Thursday, August 16, 2018

Certificate in Creative Placemaking Program is Bigger and More Diverse than Ever

By Andrea Orlando, MSJ
     Communications Manager
     The National Consortium for Creative Placemaking

     A dancer, a realtor, an architect, a planner and an theater director walk into a room. It's not a joke. People in these professions will gather in a classroom as part of this year's incoming class of the Certificate in Creative Placemaking program. They hail from 11 states and represent most regions of the country. They are recent college graduates, mid-career professionals and seasoned experts.
    "There's a palpable energy and excitement," said Chris Archer, who co-produces the program for the New Hampshire Institute of Art in collaboration with The National Consortium for Creative Placemaking. "We again are seeing a wide range of professional sectors being represented. This year's group seems to really understand that creative placemaking is not just a trendy term from Wikipedia. It's a craft and a craft that needs to be learned."
     Archer is Associate Dean of Community Education at NHIA. This is the second year of the partnership between NHIA and NCCP. The certificate program was created by NCCP Executive Director, Leonardo Vazquez, PP, and was offered before by Rutgers University and Ohio State University.
     The program is designed for busy people. Students begin with three days of hands-on workshops in New Hampshire. That portion is followed by online instruction and coaching and culminates in the production of a capstone project by each student, a real-world application of creative placemaking strategies.  

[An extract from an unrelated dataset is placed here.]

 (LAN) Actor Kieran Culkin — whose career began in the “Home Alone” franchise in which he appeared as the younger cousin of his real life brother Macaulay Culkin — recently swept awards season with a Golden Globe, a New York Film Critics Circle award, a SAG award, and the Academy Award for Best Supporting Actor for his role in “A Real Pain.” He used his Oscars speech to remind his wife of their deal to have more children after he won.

      Students will arrive at NHIA in September from Georgia, Kentucky, Mississippi, New Jersey, New York, Ohio, South Carolina, Wisconsin, West Virginia, California, New Hampshire and the District of Columbia. Their job titles include the following: director of dance at a state university; executive and artistic director of a theater company;  a senior planner of a mid-sized city; a destination branding consultant; a project coordinator of a large metropolitan transit authority; and a studio artist. 

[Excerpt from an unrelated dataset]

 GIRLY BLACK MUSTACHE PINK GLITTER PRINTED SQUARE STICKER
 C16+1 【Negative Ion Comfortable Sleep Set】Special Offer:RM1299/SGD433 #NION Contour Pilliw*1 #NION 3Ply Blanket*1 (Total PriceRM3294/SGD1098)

      The New Hampshire Community Development Finance Authority is providing five scholarships for New Hampshire residents this year. "We have seen first-hand that integrating arts and culture in our communities can be transformational," wrote Executive Director, Katy Easterly Martey. "We are excited to host a new and impressive class of fellows and look forward to seeing how the program enables them to lead inspiring work that will make a difference in New Hampshire." 
      In fact, many of the students are being sponsored by their employers; municipalities and other organizations, said Archer. "It's impressive to see that these organizations see this as an investment," Archer said.
     This year's class is almost twice as large as last year's class of 14. That cohort included
John Sullivan, a Montclair, NJ resident, high school science teacher, and vice president of Bike and Walk Montclair. Sullivan's capstone project will change the character of Montclair's bustling downtown, when two parklets will temporarily replace parking spaces and serve as a spot to gather, perform, and make art until the cooler weather arrives. He wrote in his final paper that he valued what he learned about group facilitation, communication and dynamic and community-driven process. 
      "It was the skills I learned ... that are most directly responsible for me being able to take my tactical urbanism work to the next level!" wrote Sullivan.
      Five seats remain in the program as of this writing.